Too high → Unstable training, loss oscillates or diverges
Too low → Learning too slow, needs more epochs
| Method | Recommended LR |
|---|---|
| Full fine-tuning | 1e-5 to 5e-5 |
| LoRA | 1e-4 to 3e-4 |
| QLoRA | 2e-4 (Unsloth default) |
Epochs
Number of complete passes through the training data.
Too few → Underfitting, model hasn't learned enough
Too many → Overfitting, model "memorizes answers" instead of "learning patterns"
Recommended: 1–3 epochs. With lots of data, 1 may suffice. With less data, go up to 3. Beyond 5 usually means overfitting.
Batch Size
How many samples per update. Limited by VRAM.
Effective batch size = per_device_train_batch_size × gradient_accumulation_steps
per_device_train_batch_size = 4
gradient_accumulation_steps = 4
# Effective batch size = 4 × 4 = 16
When VRAM can't handle a large batch, use gradient accumulation to simulate it.
Warmup
Learning rate gradually increases from 0 to the set value at training start. Prevents large early updates from destroying pre-trained knowledge.
Recommended: 3–10% of total steps, or 10–100 steps
Monitoring Training
Loss Curves
The most important metric during training is loss:
Normal loss curve:
- Rapid decline → slow decline → plateau
Overfitting signals:
- Training loss keeps dropping
- Validation loss starts rising ← danger!
Underfitting signals:
- Loss drops very slowly or barely moves
- Final loss value is still high
Practical Monitoring
args = TrainingArguments(
logging_steps=10,
eval_strategy="steps",
eval_steps=50,
save_strategy="steps",
save_steps=100,
load_best_model_at_end=True,
)
Visualize with TensorBoard or Weights & Biases:
tensorboard --logdir ./output/runs
Common Issues
Overfitting
Symptoms: Training loss is very low but real-world performance is poor; model tends to "copy-paste" training data responses.
Solutions: Fewer epochs, more data, higher dropout, lower learning rate, smaller rank.
Catastrophic Forgetting
Symptoms: Model improves on target task but general capabilities degrade noticeably — forgets math, can't write code anymore.
Solutions: Mix general-purpose data into training, lower learning rate, fewer epochs, use LoRA instead of full fine-tuning (LoRA naturally mitigates this).
Abnormal Loss Curves
Loss oscillating: Learning rate too high — reduce it.

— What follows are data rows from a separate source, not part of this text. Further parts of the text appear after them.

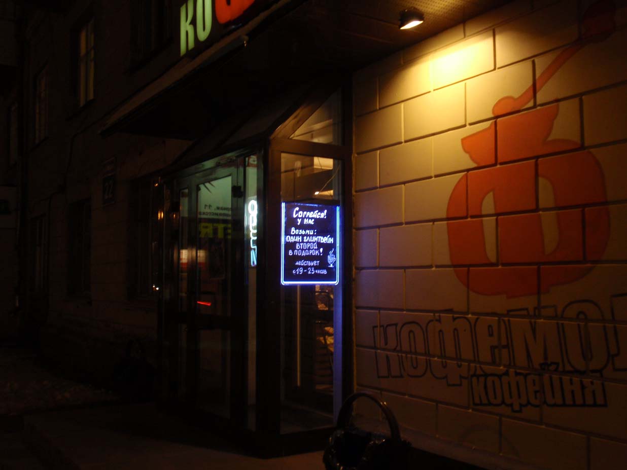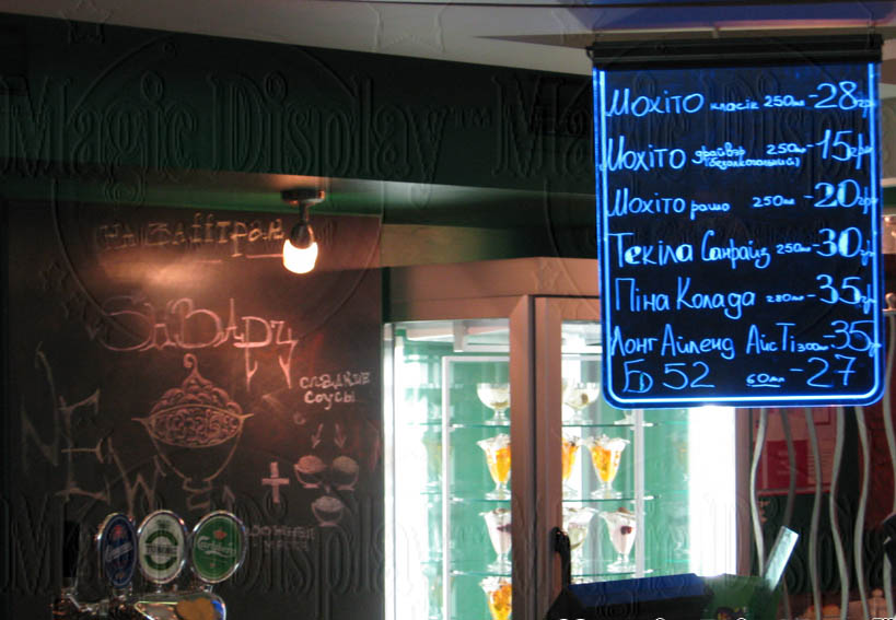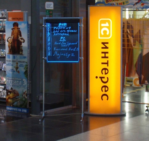 Рекламщикам предложили использовать "неоновую" доску для письмаАгентство "Провинция" придумало флуоресцентную сухостираемую доску для письмаДоска представляет собой пластиковую доску размером 482 на 609 мм. с черной алюминиевой рамкой сверху. Для работы необходима электрическая сеть. Надпись (рисунок) наносится на доску специальным порошковым маркером. При включении доски в сеть надпись начинает светиться. Смена цвета надписи происходит как в ручную так и автоматически. Доступны семь цветов. Удаляется надпись обычной салфеткой. |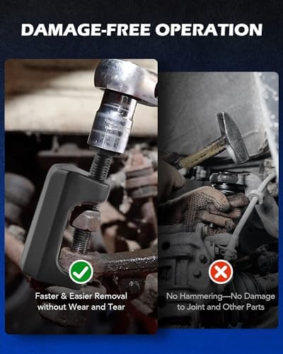 - (2) HARDENED ALLOY CONSTRUCTION: Extraordinarily tough and durable alloy means these tools can stand up to the toughest jobs. This front end service tool kit can remove the most stubborn ball joints, tie rod ends, and pitman arms.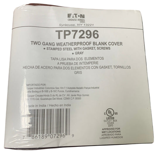 New Eaton TP7296 Two Gang Weatherproof Aluminum 4.5" Outlet Box Cover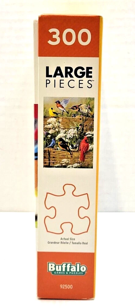 A little bit about the puzzle: Features colorful painting of different songbird species Variety of vivid plumage on cardinals, finches, sparrows, warblers Painted by renowned wildlife artists Robert, Jim, and John Hautman 300 large, shaped puzzle pieces make finished puzzle 21 1/4" x 15" inches High-quality blueboard puzzle pieces made in USA Part of series showcasing Hautman Brothers' bird art Great activity for bird enthusiasts and puzzle lovers Suitable for ages 10 and up Pieces carefully cut for snug interlocking fit Completed puzzle looks great framed and displayed Allows puzzlers to recreate acclaimed bird artwork Satisfying hobby that calms the mind Combines nature, art, and puzzles in one activity Each item is carefully packaged to prevent any damage and is shipped immediately with tracking.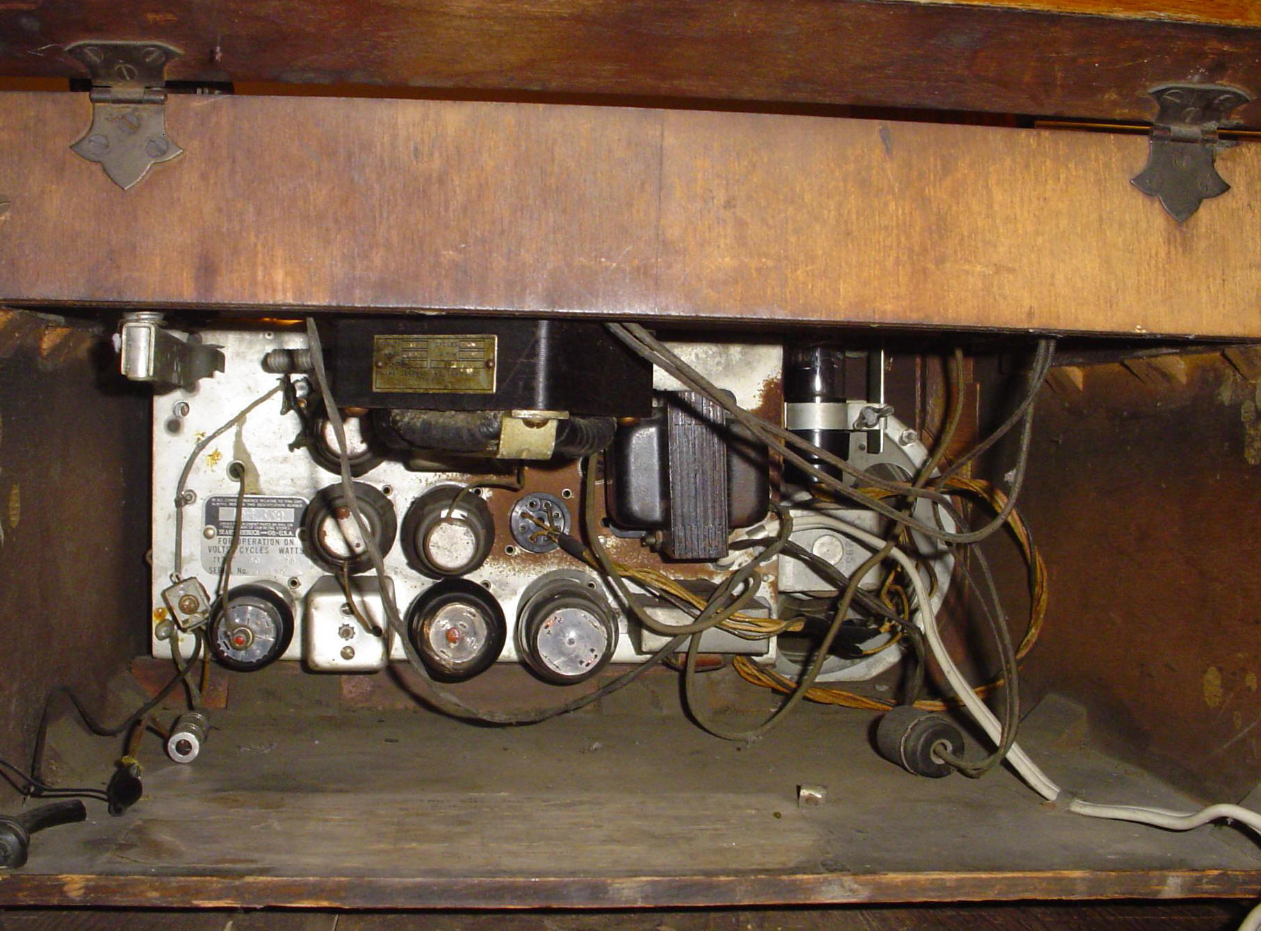 The photo below shows the chassis, phono motor and all the big shouldered glass tubes. I did a complete electronic restoration of this set and it now plays great! In my restoration, I also added a 1/4" jack to the microphone lead wire, since the original end had already been messed with many times. Note the ordinary cabinet hinges for the lid.

Loss not decreasing: Learning rate too low, or data format issues (model isn't learning what you intended). Loss spike: Possibly hit anomalous data — check data quality.
Key Takeaways
- Start with Unsloth or Axolotl — they simplify configuration, getting fine-tuning running in dozens of lines.

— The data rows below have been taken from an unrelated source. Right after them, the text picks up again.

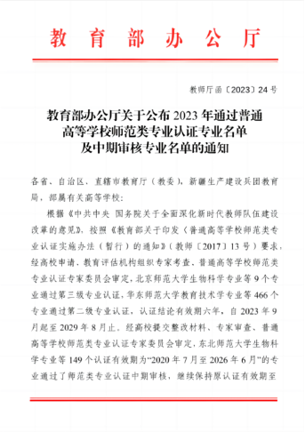 近日,教育部印发《教育部办公厅关于公布2023年通过普通高等学校师范类专业认证专业名单及中期审核专业名单的通知》(教师厅函〔2023〕24号),我校计算机科学与技术、教育技术学、历史学、英语四个专业通过中学教育第二级专业认证,认证结论有效期六年,自2023年9月起至2029年8月止;2020年首批通过二级认证的汉语言文学、数学与应用数学两个专业通过中期审核,认证结论继续保持有效期,自2020年7月起至2026年6月止。目前,我校已有13个专业通过师范类专业第二级认证。
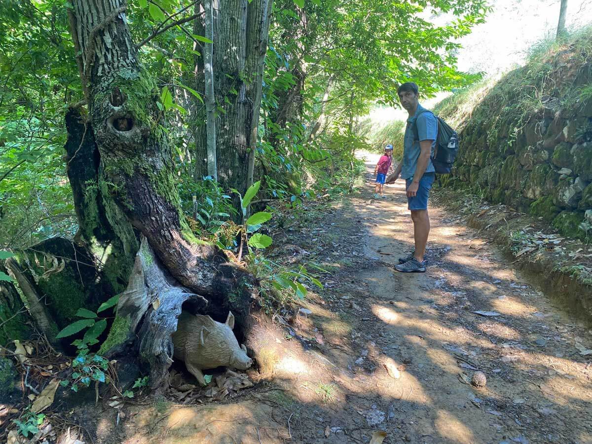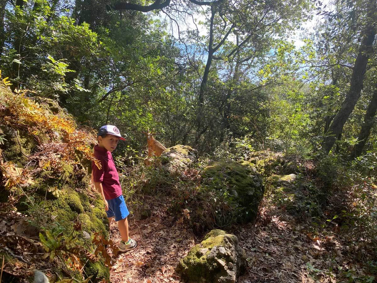 Attenzione: le statue degli animali non sempre sono ben visibili perché, da bravi animali del bosco, spesso si mimetizzano con l’ambiente circostante: dentro una cavità, sopra un albero, tra i cespugli…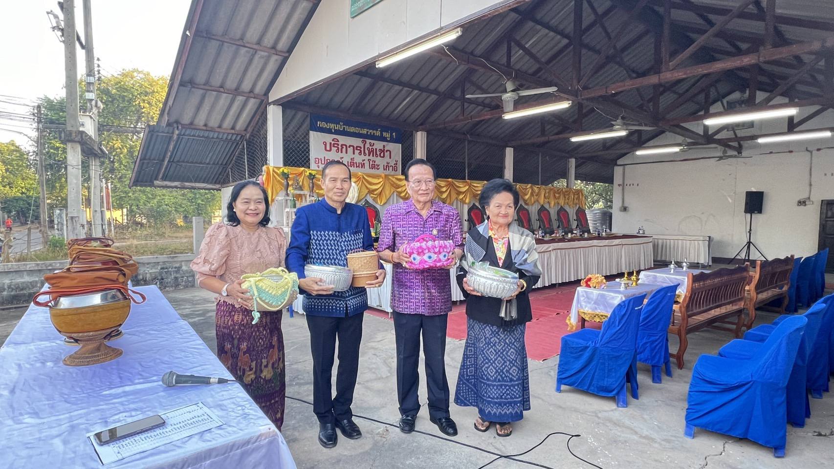 นายบุญชอบ อุสาย และคณะครู ร่วมทำบุญขึ้นปีใหม่ ณ บ้านดอนสวรรค์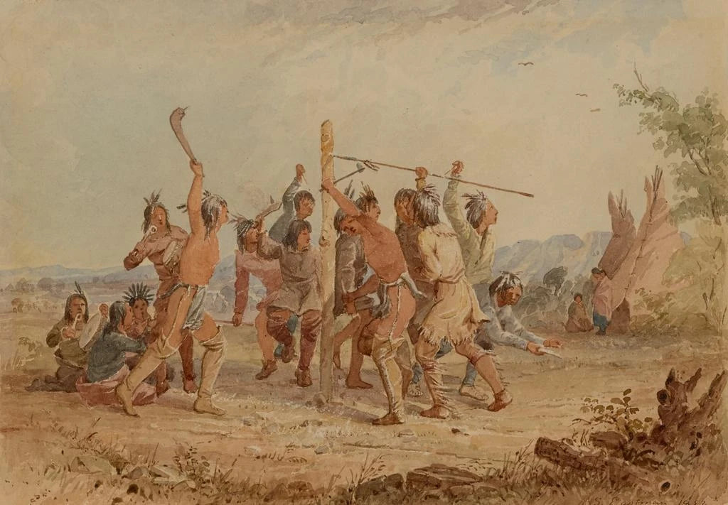 Het werk "Klop op de paal" van Seth Eastman vangt een dynamisch moment waarin kracht en vastberadenheid samenkomen. De aardetinten en de nuances van blauw roepen een sfeer op die zowel realistisch als levendig is. De techniek van de kunstenaar, die behendig aquarel en olieverf combineert, brengt de scène tot leven en stelt de kijker in staat de energie te voelen die uit de personages straalt. Elk detail, van gezichtsuitdrukkingen tot de bewegingen van de lichamen, is zorgvuldig weergegeven, wat een volledige onderdompeling in dit moment uit de geschiedenis mogelijk maakt.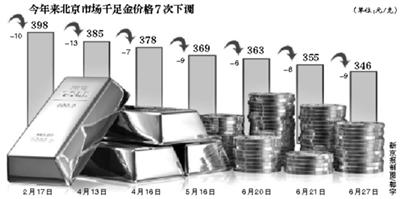 此外,北京太阳金店从昨日起,黄金饰品价格下调至346元/克,会员价为341元/克,下调幅度为每克4元。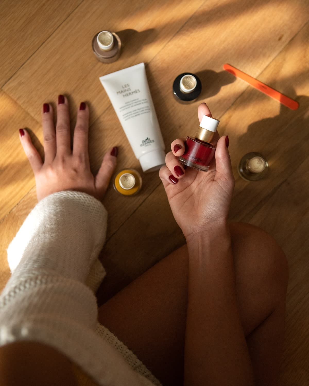 Soft window light lends a dreamy and intimate feel to this campaign for the launch of Hermès Beauté’s nail care and nail polish line of the luxury French brand.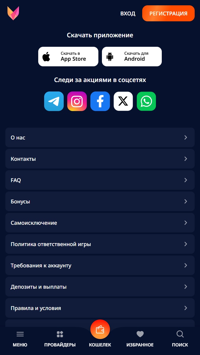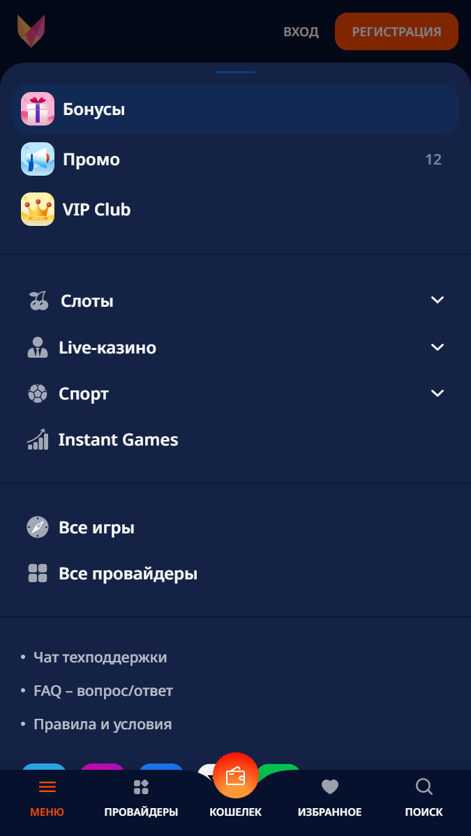 Мобильное приложение Monro предоставляет пользователям полный функционал, аналогичный версии сайта, с удобной адаптацией под мобильные устройства. Игроки могут делать ставки, просматривать лайв-трансляции, участвовать в акциях и пополнять баланс прямо со своего смартфона. Приложение отличается удобным интерфейсом, обеспечивая быстрый доступ ко всем разделам. Скачать приложение можно на официальном сайте букмекера — ссылки для загрузки версий для Android и iOS расположены на нижней панели слева.
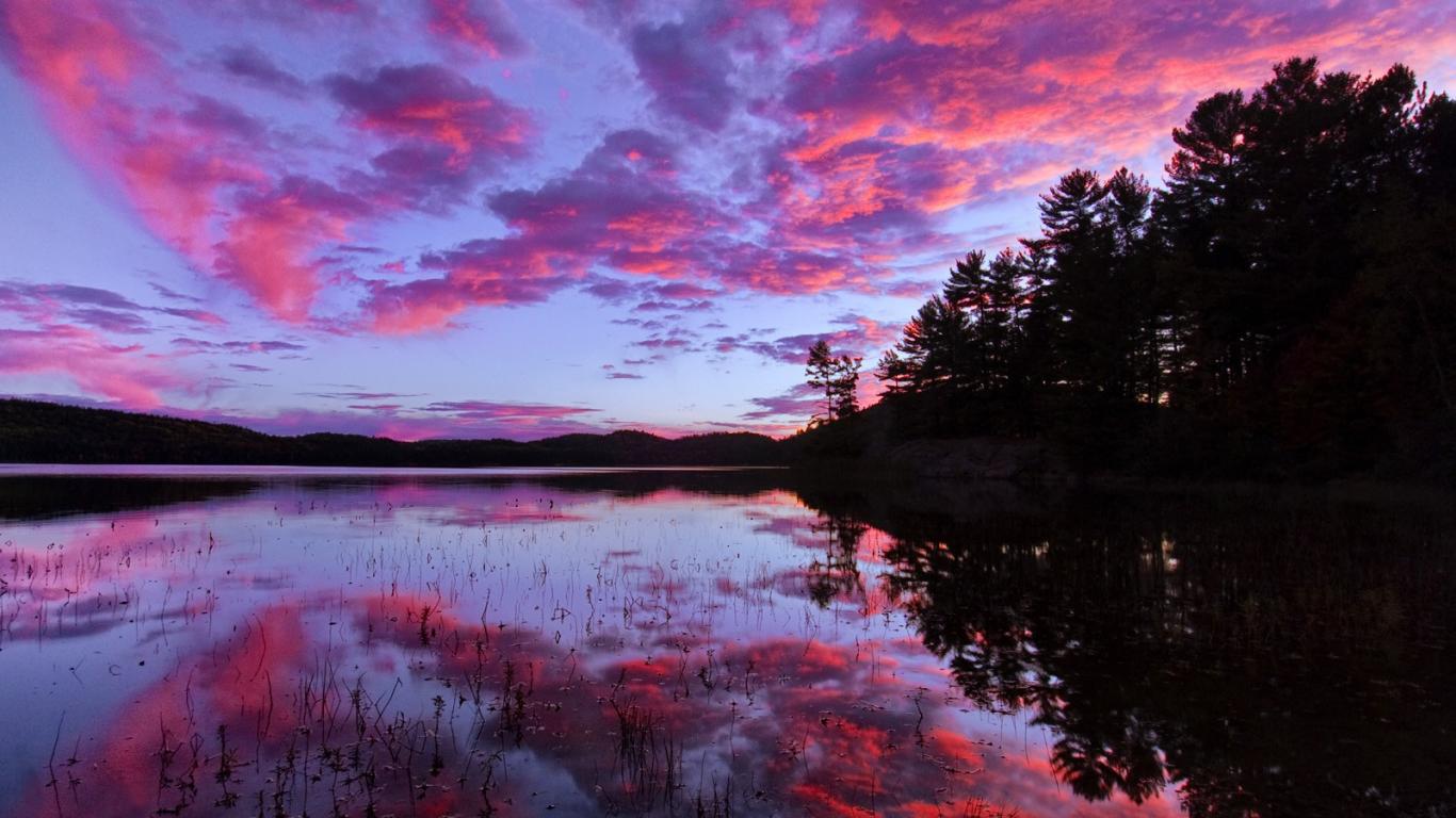 » Обои Розовый закат над озером

- Learning rate is the most important hyperparameter. LoRA: 2e-4, full fine-tuning: 2e-5.
- 1–3 epochs is usually sufficient. Beyond 5 likely means overfitting.
- Loss curves are the core tool for judging training status. Training loss down + validation loss up = overfitting.
- Catastrophic forgetting is a common fine-tuning pitfall. Mitigate with LoRA, low learning rate, and mixing in general data.